(Beginning of Study material)
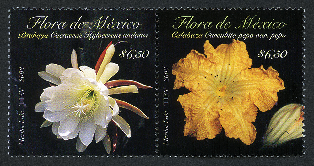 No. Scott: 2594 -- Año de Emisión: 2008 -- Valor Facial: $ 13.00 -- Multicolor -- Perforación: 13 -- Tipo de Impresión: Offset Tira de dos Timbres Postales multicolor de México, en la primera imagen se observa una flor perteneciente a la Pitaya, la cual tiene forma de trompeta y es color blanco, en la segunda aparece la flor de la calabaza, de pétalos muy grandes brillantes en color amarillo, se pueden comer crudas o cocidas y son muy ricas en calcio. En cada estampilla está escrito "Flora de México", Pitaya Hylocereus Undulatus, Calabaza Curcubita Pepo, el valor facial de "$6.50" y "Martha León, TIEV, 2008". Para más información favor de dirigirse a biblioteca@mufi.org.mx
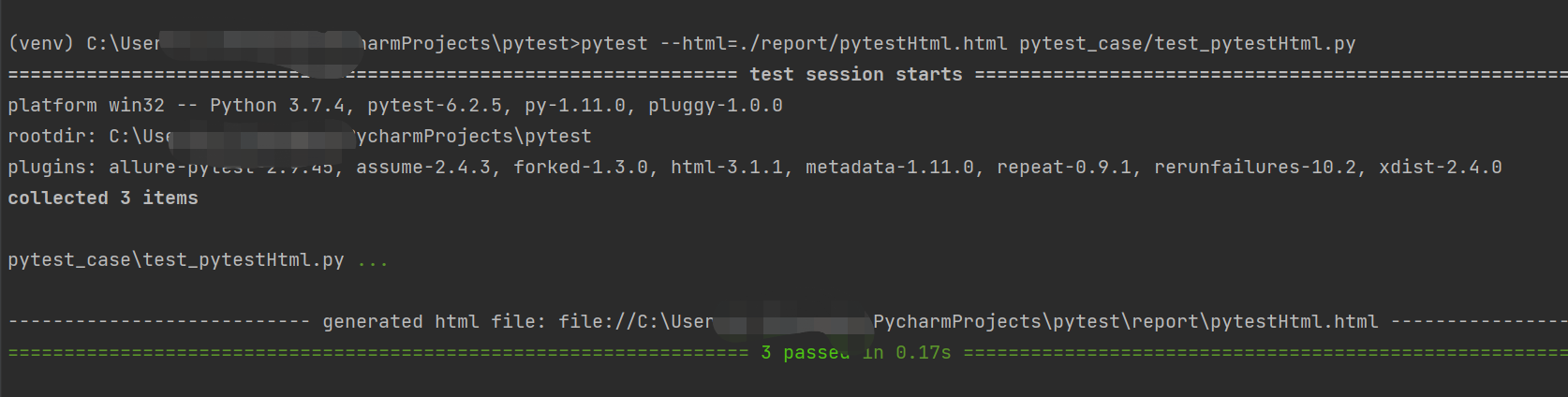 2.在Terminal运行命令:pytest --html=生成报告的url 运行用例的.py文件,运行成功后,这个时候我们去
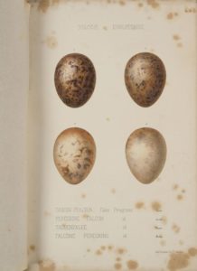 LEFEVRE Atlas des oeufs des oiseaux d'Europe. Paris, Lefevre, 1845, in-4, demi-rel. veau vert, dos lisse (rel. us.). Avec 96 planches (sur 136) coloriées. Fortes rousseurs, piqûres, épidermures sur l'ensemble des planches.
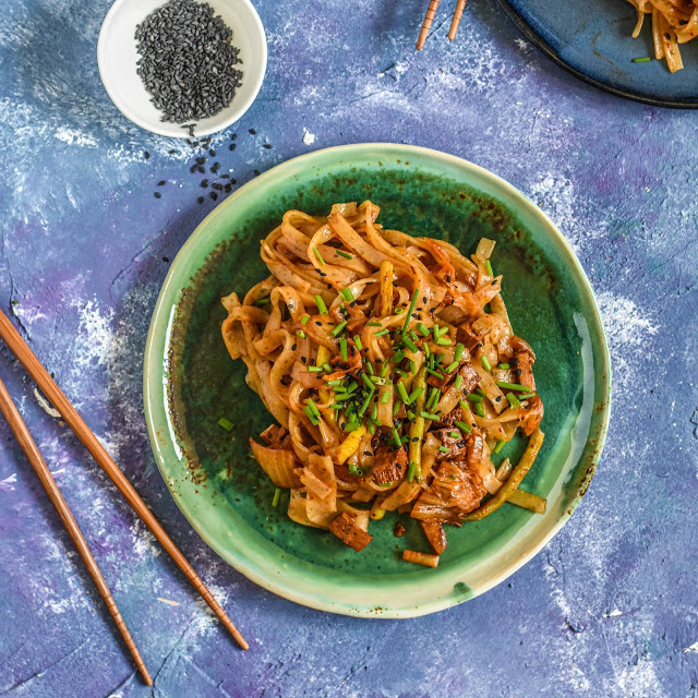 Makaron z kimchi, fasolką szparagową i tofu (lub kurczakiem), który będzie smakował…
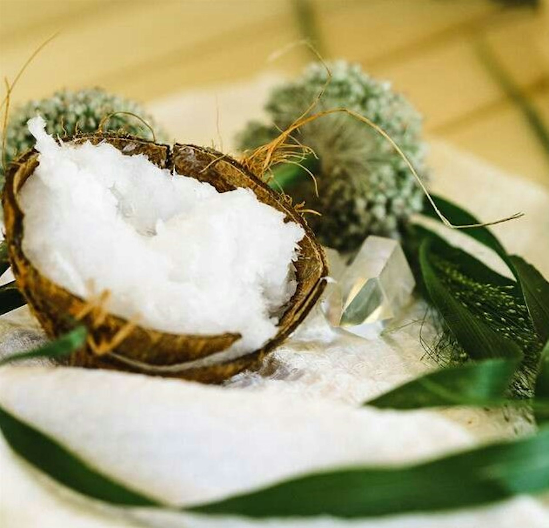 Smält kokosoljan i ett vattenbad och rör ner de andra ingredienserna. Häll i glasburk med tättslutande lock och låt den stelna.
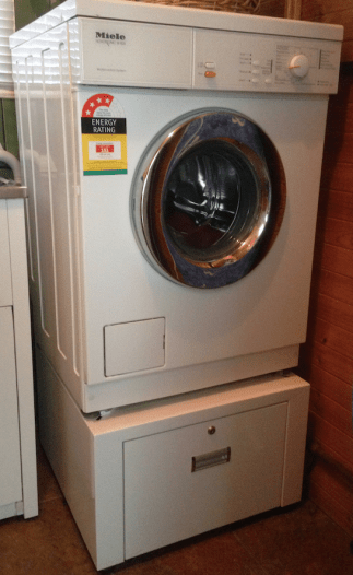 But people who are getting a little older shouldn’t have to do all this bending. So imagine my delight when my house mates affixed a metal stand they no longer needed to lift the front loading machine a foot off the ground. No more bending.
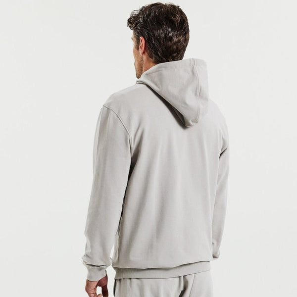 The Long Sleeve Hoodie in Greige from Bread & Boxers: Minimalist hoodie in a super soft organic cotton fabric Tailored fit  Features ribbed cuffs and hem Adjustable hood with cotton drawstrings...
(End of Study material)
The reply should hold the entries above from the line with "Makaron z kimchi, fasolką" to the line with "But people who", duplicated exactly, pictures excluded.

 Makaron z kimchi, fasolką szparagową i tofu (lub kurczakiem), który będzie smakował…
 Smält kokosoljan i ett vattenbad och rör ner de andra ingredienserna. Häll i glasburk med tättslutande lock och låt den stelna.
 But people who are getting a little older shouldn’t have to do all this bending. So imagine my delight when my house mates affixed a metal stand they no longer needed to lift the front loading machine a foot off the ground. No more bending.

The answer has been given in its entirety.